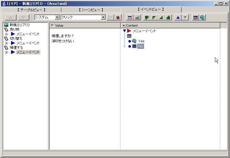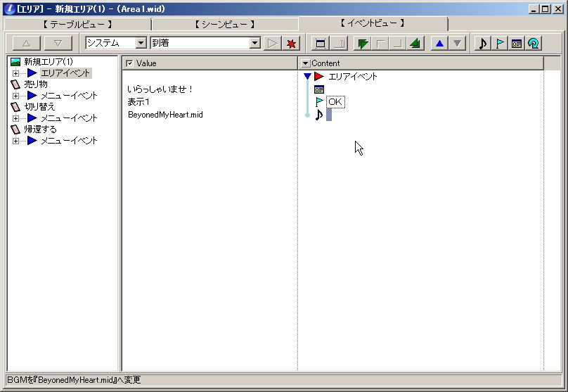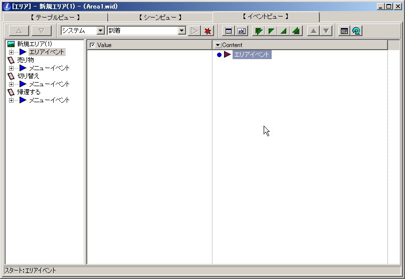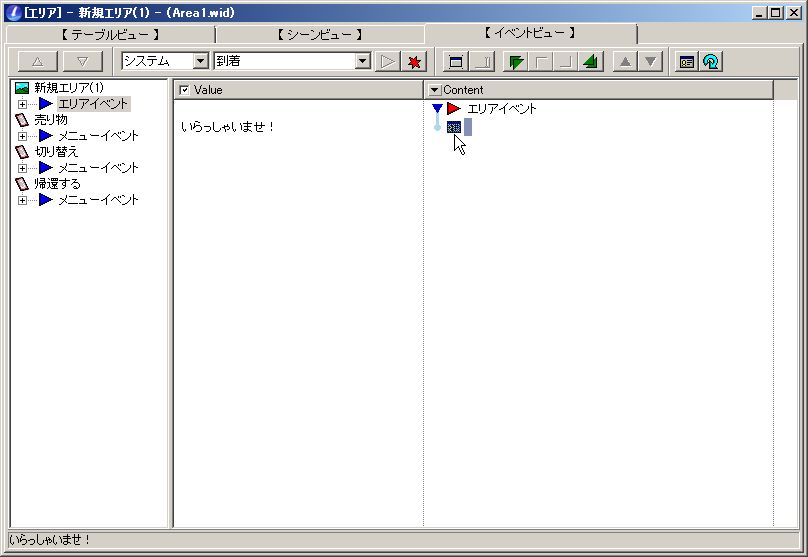 「エリアイベント」という、到着時のイベントを組むためのツリーが発生します。
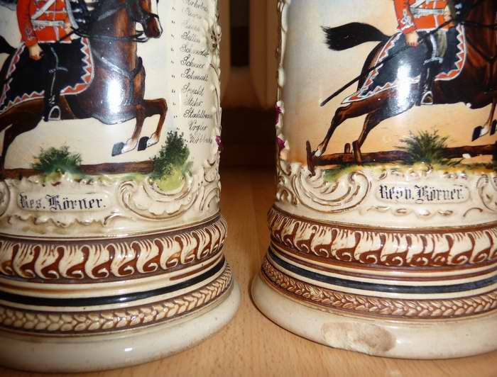 Der Seltenheit von Krügen aus einer Eskadron und einer Dienstzeit wird mit folgendem Beispiel noch getoppt. Zwei Krüge von einem Reservisten. Der Reservist Körner, von der 2. Eskadron der Dienstzeit 1897 bis 1900 war hier so nett.
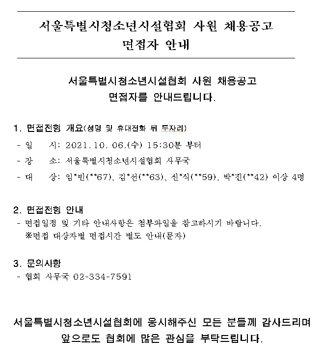 | ¼¿ïƯº°½Ãû¼Ò³â½Ã¼³Çùȸ Á÷¿ø(»ç¿ø) ¸éÁ¢ÀÚ ¾È³» | |||
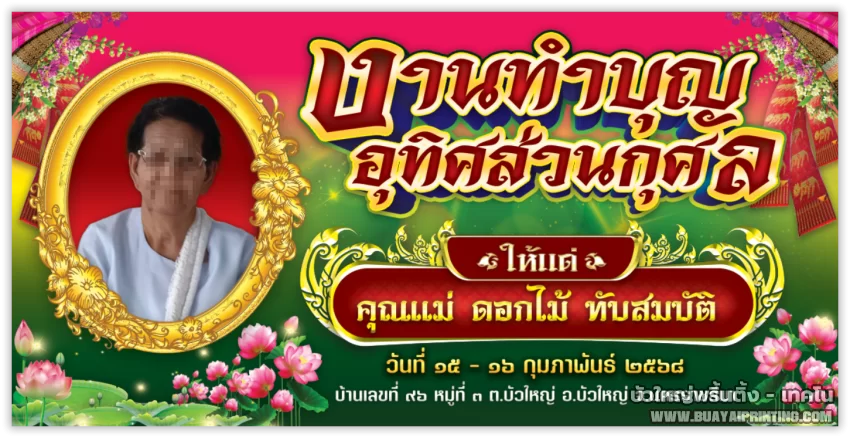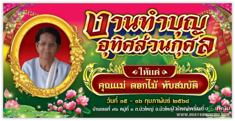 ป้ายงานขาวดำ แบบที่ 3 (อุทิศส่วนกุศล)
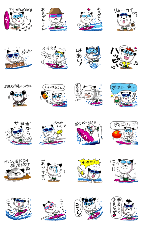 サーフィンをする猫です。時々駄洒落を言います。日常良く使う会話や感情表現で構成しています。
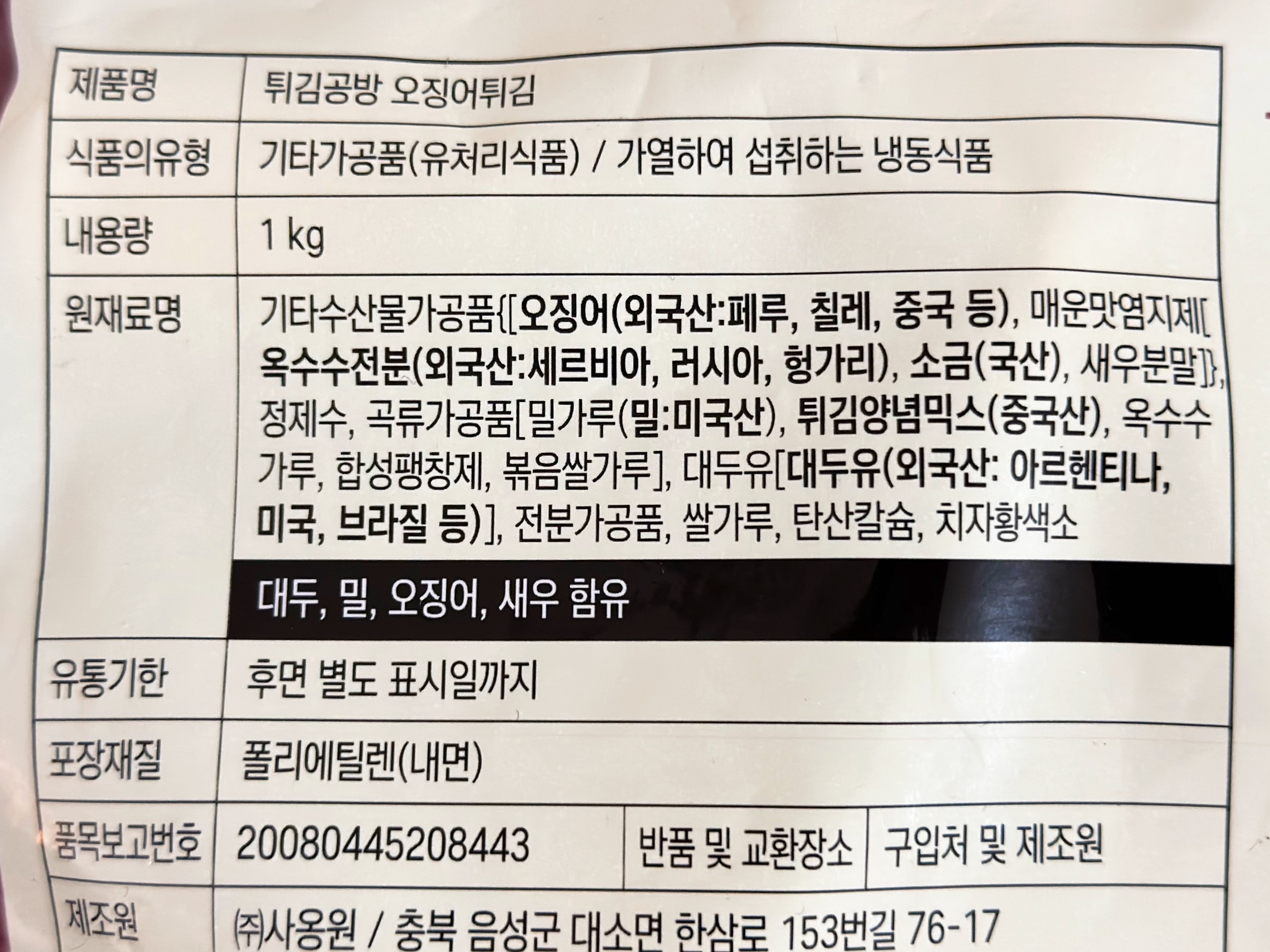 제품 봉투에 써져 있듯이 정말 '쫄깃하고 통통'한 오징어가 실하게 들어있습니다.
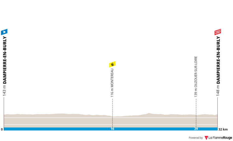 100km, dan 2 klimmetjes en tenslotte 40km licht bergafwaarts naar de finish. Had ik het al
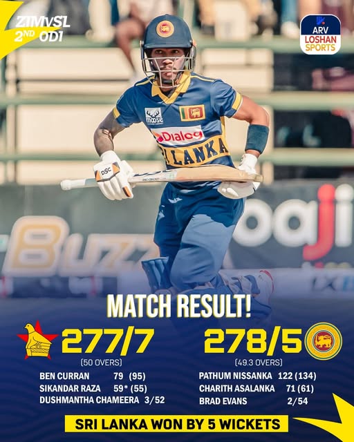 பாத்தும் நிஸ்ஸங்கவின் சதம், சரித் அசலங்காவின் அரைசதம், ஜனித் லியனகேவின் இறுதி ஆட்டம் – இலங்கை அணி இரண்டாவது ஒருநாள் போட்டியில் 5 விக்கெட் வித்தியாசத்தில் வெற்றி இலங்கை அணி, மூன்று ஒருநாள் போட்டிகள்…
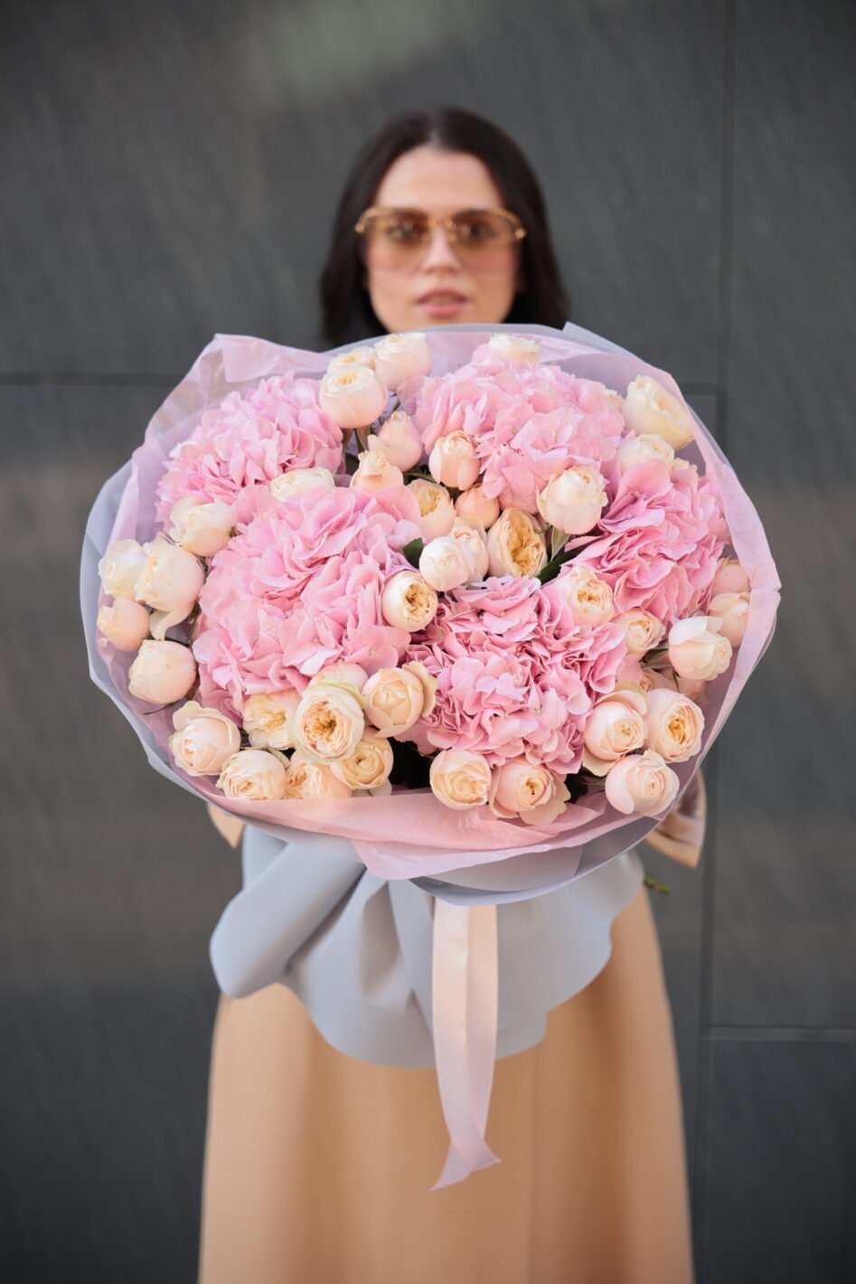 Букет з піоновидних троянд Дарлінгтон та гортензій
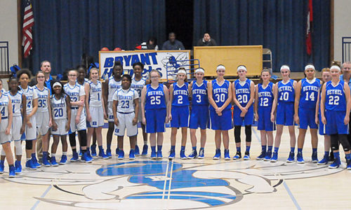 For more photos from this event by Kevin Nagle, go here Natalie Edmonson drove for a layup with :07 on the clock to lift the Bryant Blue Lady…
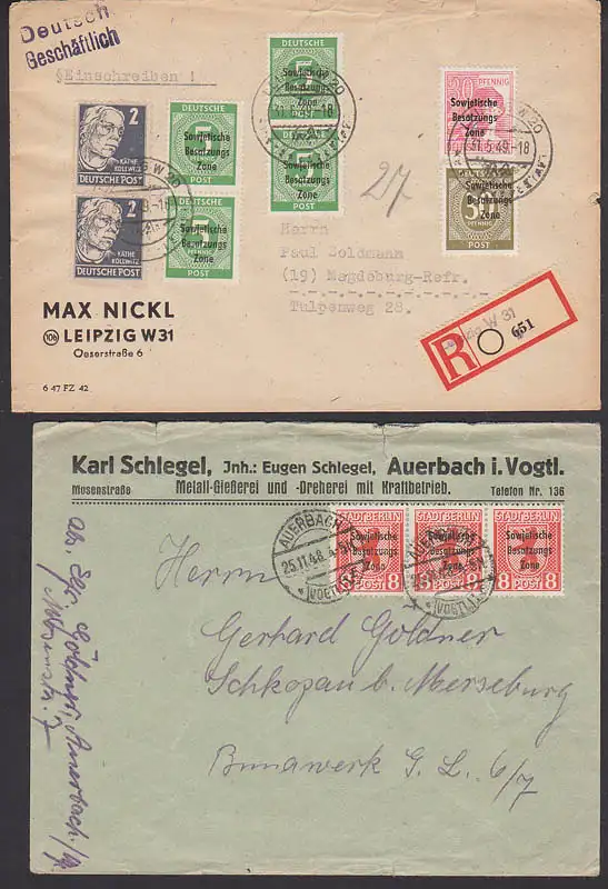 Leipzig W20 mit R-Zettel Leipzig W31, MiF mit SBZ-Aufdruck und Käthe Kollwitz, 8 Pfg. Bär Fernbrief 25.11.48
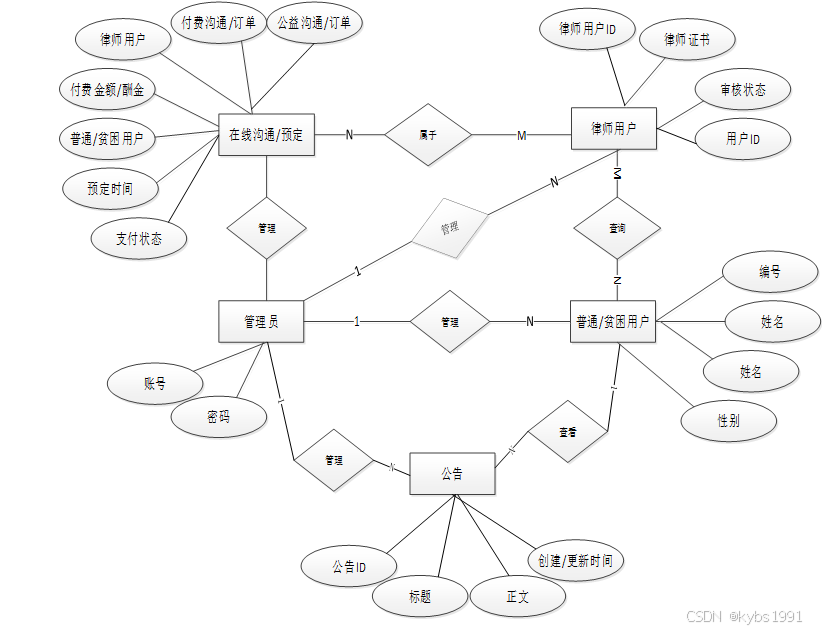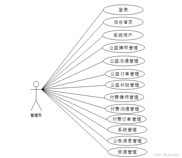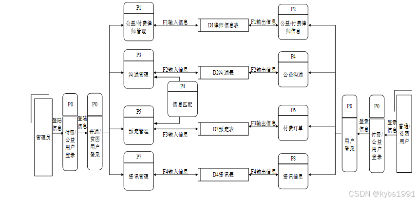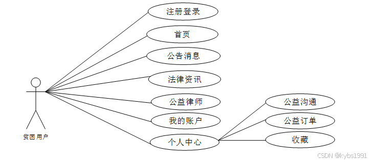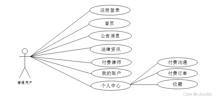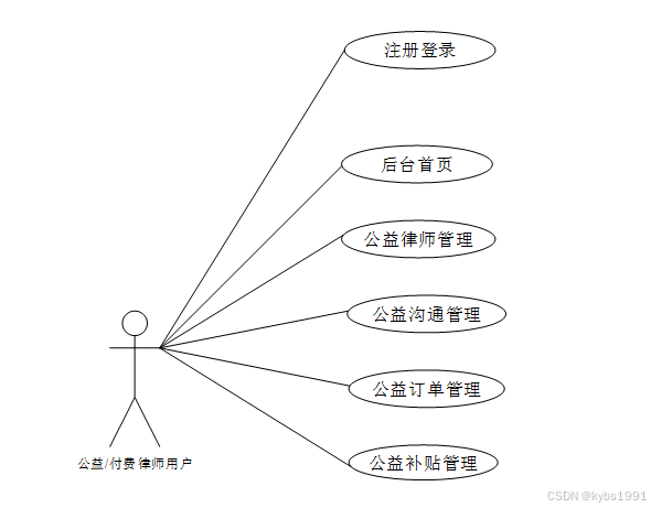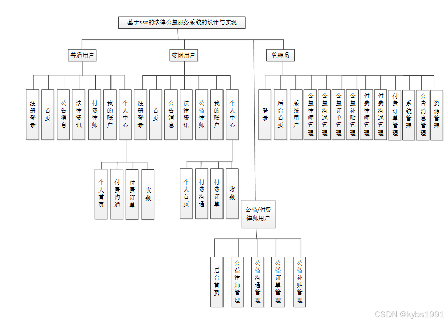 法律公益服务系统我划分为了普通用户模块、贫困用户模块、律师用户(公益、付费律师)模块和管理员模块这四大部分。

+ + + + + + +

▶ _TASK ITEM_:
Please return exactly the lines above, from where the listing starts to the line holding "100km, dan 2", inclusive, with the pictures omitted.

▶ _TASK SOLUTION_:
 「エリアイベント」という、到着時のイベントを組むためのツリーが発生します。
 Der Seltenheit von Krügen aus einer Eskadron und einer Dienstzeit wird mit folgendem Beispiel noch getoppt. Zwei Krüge von einem Reservisten. Der Reservist Körner, von der 2. Eskadron der Dienstzeit 1897 bis 1900 war hier so nett.
 | ¼¿ïƯº°½Ãû¼Ò³â½Ã¼³Çùȸ Á÷¿ø(»ç¿ø) ¸éÁ¢ÀÚ ¾È³» | |||
 ป้ายงานขาวดำ แบบที่ 3 (อุทิศส่วนกุศล)
 サーフィンをする猫です。時々駄洒落を言います。日常良く使う会話や感情表現で構成しています。
 제품 봉투에 써져 있듯이 정말 '쫄깃하고 통통'한 오징어가 실하게 들어있습니다.
 100km, dan 2 klimmetjes en tenslotte 40km licht bergafwaarts naar de finish. Had ik het al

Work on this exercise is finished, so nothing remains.